Metric to define the quality of the foreceast

In [14]:
def get_accuracy(x, y):
    return np.mean(np.abs(x - y))/np.mean(x)

In [16]:
from sklearn.linear_model import LinearRegression, Ridge
model = LinearRegression(normalize=True)
lags = [24*4] + list(range(96*7, 96*35, 96))
features = ['wind', 'solar']
print lags
len(lags)

[96, 672, 768, 864, 960, 1056, 1152, 1248, 1344, 1440, 1536, 1632, 1728, 1824, 1920, 2016, 2112, 2208, 2304, 2400, 2496, 2592, 2688, 2784, 2880, 2976, 3072, 3168, 3264]


29

In [17]:
index = data.index 
for lag in lags:
    data['belpex_lag_{}'.format(lag)] = data.belpex.shift(lag)
    features.append('belpex_lag_{}'.format(lag))
data['day_in_year'] = data.index.dayofyear
data = data.ix[index, ]
data = data.dropna()

X = data[features]
y = data.belpex

cv = KFold(n=len(data), n_folds=10, shuffle=False)
data['belpex_pred'] = cross_val_predict(model, X, y, cv=cv, n_jobs=-1)

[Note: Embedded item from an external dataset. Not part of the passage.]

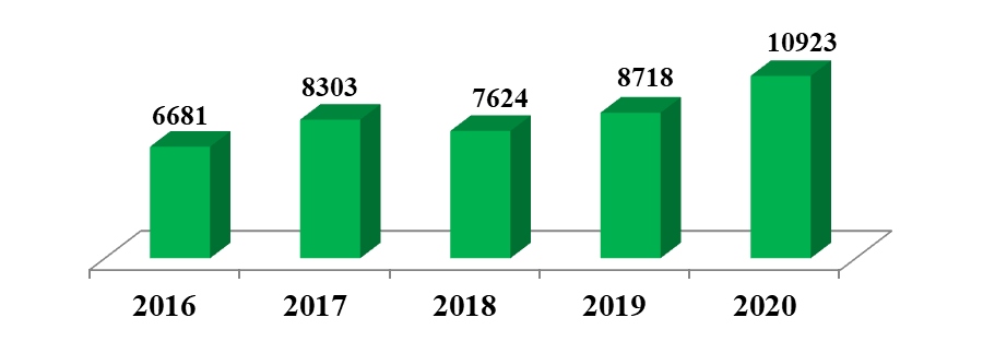 в 12450 гектаров (в 2016г.–3827 га, в 2017г. –5145 га, в 2018г.–8140 га, в 2019г. – 9841 га). Известняковой муки и других известняковых материалов в прошлом году было внесено 61 тыс. тонн(в 2016г. –17 тыс. тонн, в 2017г. –25 тыс. тонн, в 2018г.–39 тыс. тонн, в 2019г.–50 тыс. тонн).
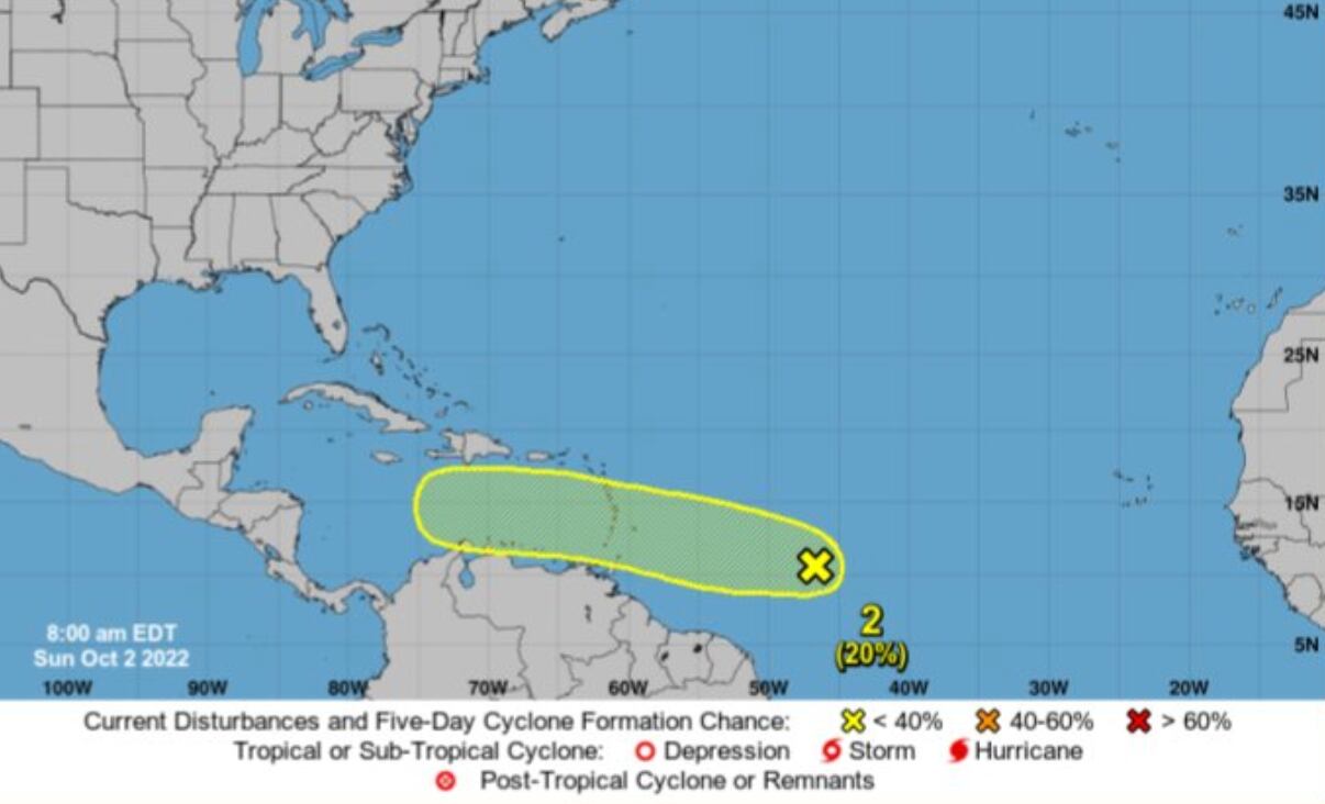 Según la agencia meteorológica, se espera que la onda tropical con baja probabilidad de formación en 2-5 días alcance la región del Caribe este fin de semana.

print(get_accuracy(data.belpex, data.belpex_pred))


0.154414091176


In [18]:
print features

['wind', 'solar', 'belpex_lag_96', 'belpex_lag_672', 'belpex_lag_768', 'belpex_lag_864', 'belpex_lag_960', 'belpex_lag_1056', 'belpex_lag_1152', 'belpex_lag_1248', 'belpex_lag_1344', 'belpex_lag_1440', 'belpex_lag_1536', 'belpex_lag_1632', 'belpex_lag_1728', 'belpex_lag_1824', 'belpex_lag_1920', 'belpex_lag_2016', 'belpex_lag_2112', 'belpex_lag_2208', 'belpex_lag_2304', 'belpex_lag_2400', 'belpex_lag_2496', 'belpex_lag_2592', 'belpex_lag_2688', 'belpex_lag_2784', 'belpex_lag_2880', 'belpex_lag_2976', 'belpex_lag_3072', 'belpex_lag_3168', 'belpex_lag_3264']


In [19]:
start = datetime.datetime(2016, 1, 1, 0, 0)
end = datetime.datetime(2016, 1, 7, 23, 45)

plt.figure()
data.belpex[start:end].plot(grid=True)
data.belpex_pred[start:end].plot(grid=True)
plt.legend(frameon=False,loc=2)
plt.show()

<IPython.core.display.Javascript object>

# 7. Neural network (a naive implementation)

Tell keras to use Theano as backend

In [20]:
import os
os.environ['KERAS_BACKEND'] = 'theano'

In [21]:
from keras.models import Sequential
from keras.layers.core import Dense
from keras.optimizers import RMSprop

Using Theano backend.


Create input and output training data

In [22]:
n_hours = 24
start = datetime.datetime(2016, 01, 01, 0, 0)
end = datetime.datetime(2016, 12, 29, 23, 45)
X = data['belpex'][start:end].resample('1H').mean().reshape(-1, n_hours)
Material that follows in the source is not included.